I recently moved 1.5 hours away from my rheumatologist to help care for my mom, who is struggling with COPD. If you know my history, you’ll remember that I lost my dad in the early stages of COVID. He died alone, and I will never let that happen to my mom.
That said, I planned to keep my rheumatologist because my ultimate goal is to return to the Philadelphia area eventually. Driving to her after work (I still work in the Philly area) was no problem… until I got sick.
I’m now on a medical sabbatical—a type of leave where I receive significantly reduced pay but keep my retirement and full medical benefits. In my opinion, the benefits outweighed the financial hit. When I got sick on September 1, I had no idea what I was up against. Honestly, I’m still not 100% sure, but I’m working hard to figure it out.
What I have learned is that my body has developed antibodies to my current biologic, making it essentially useless. Recent tests show inflammation not only in my joints but in some internal organs as well. RA is running through my body like the Christmas Express Train—just without the hot chocolate and the dancing waiters. It is, however, trampling everything in its path and making me weak.
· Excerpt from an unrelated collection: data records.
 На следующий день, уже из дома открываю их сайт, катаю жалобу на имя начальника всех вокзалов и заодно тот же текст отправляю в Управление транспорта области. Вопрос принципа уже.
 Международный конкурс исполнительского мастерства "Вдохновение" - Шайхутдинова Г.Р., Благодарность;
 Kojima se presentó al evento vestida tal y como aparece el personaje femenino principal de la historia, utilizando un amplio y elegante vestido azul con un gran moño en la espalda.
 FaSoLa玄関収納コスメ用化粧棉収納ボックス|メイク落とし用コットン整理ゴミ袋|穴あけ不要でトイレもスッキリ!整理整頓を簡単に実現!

Earlier in this new chapter of illness, we discovered I was anemic. Infusions have helped bring my levels into the low-normal range, but I won’t know if I’m actually recovering until sometime in the new year. I can wait for that. What I can’t wait for is a new biologic to help my body function again. I even had to bite the bullet and request another Medrol dose pack. My flare is so bad that even the skin on my face is swollen and red.
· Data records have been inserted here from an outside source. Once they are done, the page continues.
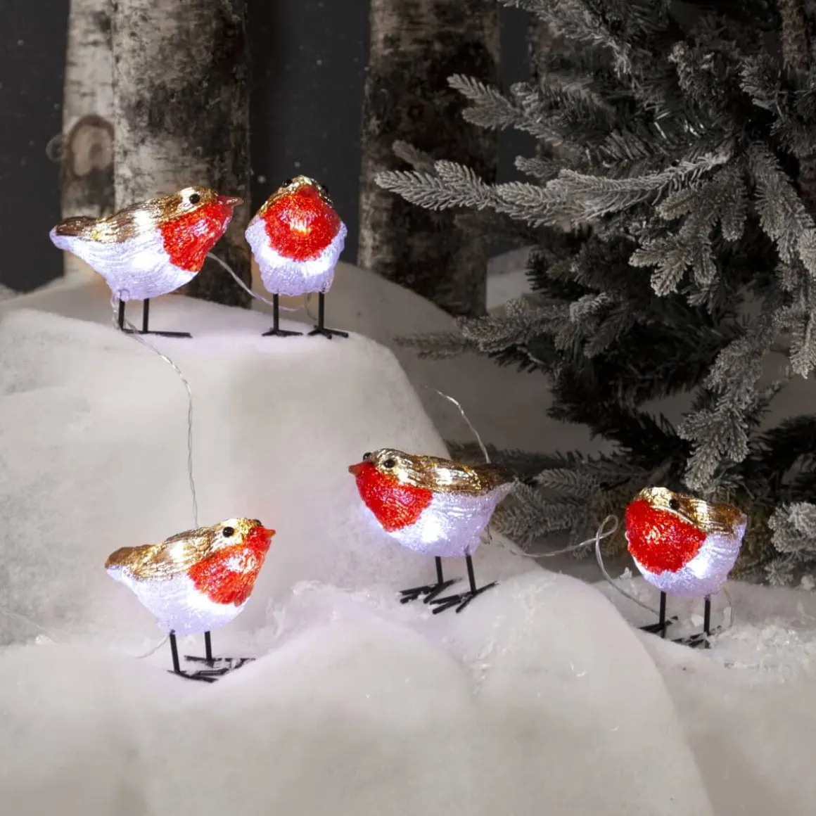Men gulle så söta små pippifåglar att dekorera med såväl inomhus som utomhus. Fåglarna har 8 små ljuskällor vardera som drivs med batterier. Självklart har även denna batteriprodukt timerfunktion.
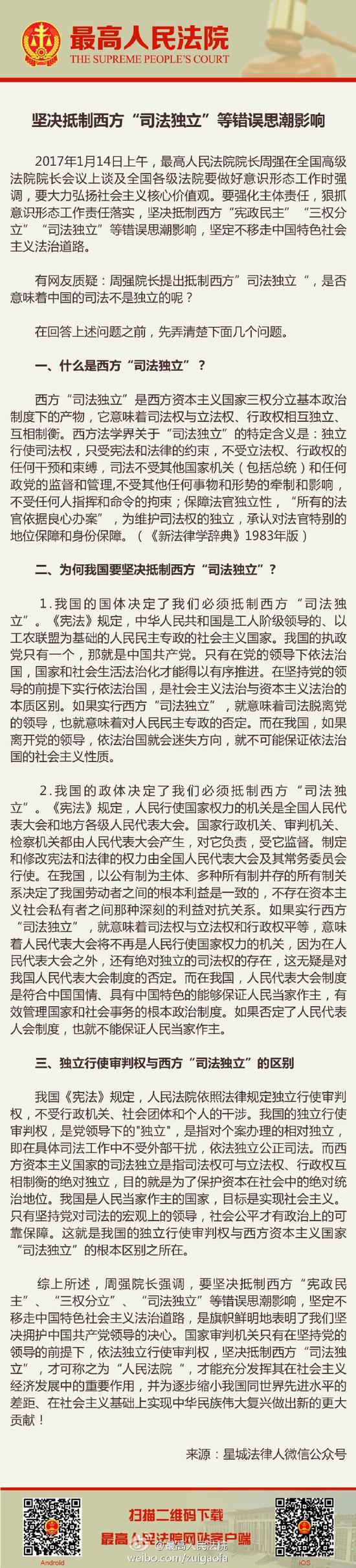 [坚决抵制西方“司法独立”等错误思潮影响]坚决抵制西方“宪政民主”、“三权分立”、“司法独立”等错误思潮影响,坚定不移走中国特色社会主义法治道路,是旗帜鲜明地表明了我们坚决拥护中国共产党领导的决心。国家审判机关只有在坚持党的领导的前提下,依法独立行使审判权,坚决抵制西方“司法独立”,才可称之为人民法院,才能充分发挥其在社会主义经济发展中的重要作用,并为逐步缩小我国同世界先进水平的差距、在社会主义基础上实现中华民族伟大复兴做出新的更大贡献!
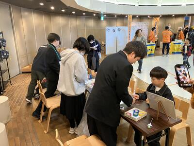 大反響で、小さなお子さんが次から次へとブースにきて、科学情報部の生徒たちは大忙しでした。
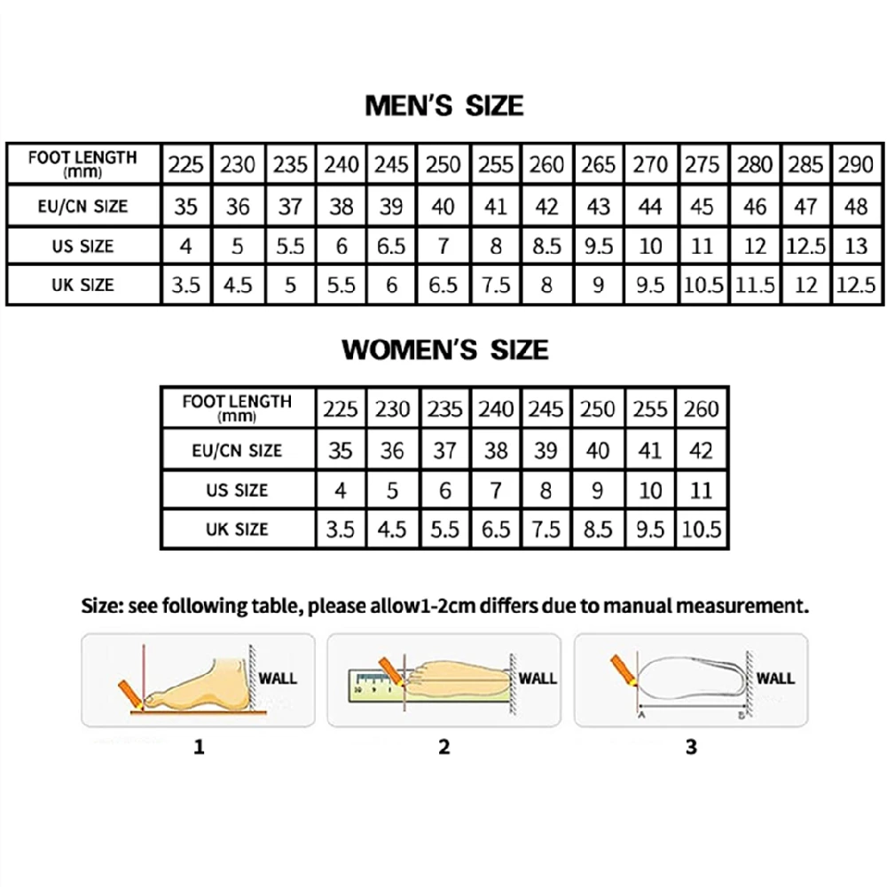 У разных туфель разные размеры, пожалуйста, выберите размер с длиной стопы. Для при заказе указывайте размер и цвет могут быть погрешности в диапазоне 0,3-0,5 см ошибки из-за различных методов измерения.Если у вас широкая или толстая одежда, пожалуйста, выберите на один размер больше. Если вы не уверены в своем размере, пожалуйста, свяжитесь с нами перед оплатой.
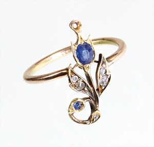 Ring, "JUGENDSTIL" um 1900, GG 585/000, 2 Saphire fac., 5 Diamantrosen weiß, RW ca. 56,5
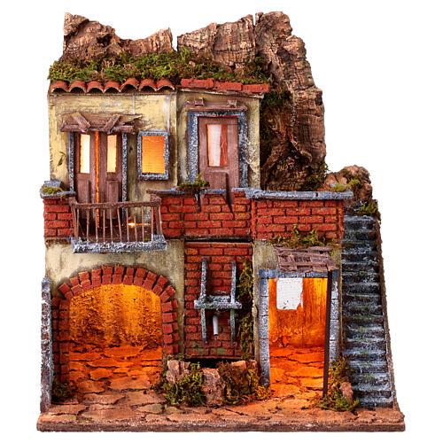 Antique village with 18th-century style fountain 45x40x30 cm Neapolitan nativity scene 10-12 cm. This antique village for nativity scene is a masterpiece crafted by skilled Neapolitan artisans. It depicts the entrance of a house accessible via an external staircase, flanked by two recesses suitable for 10-12 cm statues, perfect for daily life scenes. In the center between the recesses, there is a fountain that can be activated by filling the dedicated tray at the back. Distinctive elements such as balconies and window shutters have been finely crafted to resemble real structures accurately, adding uniqueness and originality to the model. This nativity scene village is perfect to enhance any nativity style with a fully artisanal piece. Real measurements: 44x40x30 cm. Made in Italy.

After talking with my rheumatologist, we decided on a new infusion. The issue? I don’t feel capable of driving 1.5 hours in my current condition. On top of the RA symptoms, I’m still dealing with nausea, dizziness, vomiting, and bone-deep fatigue—not exactly ideal for a long solo trip. So my doctor and her staff helped me locate a local infusion center within my insurance network.
My rheumatologist’s office reached out to the clinic, and the clinic attempted to submit the prior authorization… but it was denied before they could even accept me as a patient.
Why?
Because the clinic provides the medication, but my PBM insists that I can only receive it if they provide the medication.
Uh, what?
I am now being told I need a “carve-out” for permission to access a drug my doctor prescribed—at a clinic my insurance already covers. I’m going on week two of trying to find a single human being who will help me get the medication I need. Insurance says there shouldn’t be any issue. My specialty pharmacy insists no prior authorization was ever submitted. The clinic insists “a woman named Theresa from the PBM refused to put it through because I can’t get medication from anyone but them.”
Make it make sense.
To top it off, two of the three people I spoke with during my full-day insurance-phone-call-a-thon told me, “You’re lucky you know how to fight for yourself.”
Lucky?
I’m battling a serious illness and battling my insurance at the same time.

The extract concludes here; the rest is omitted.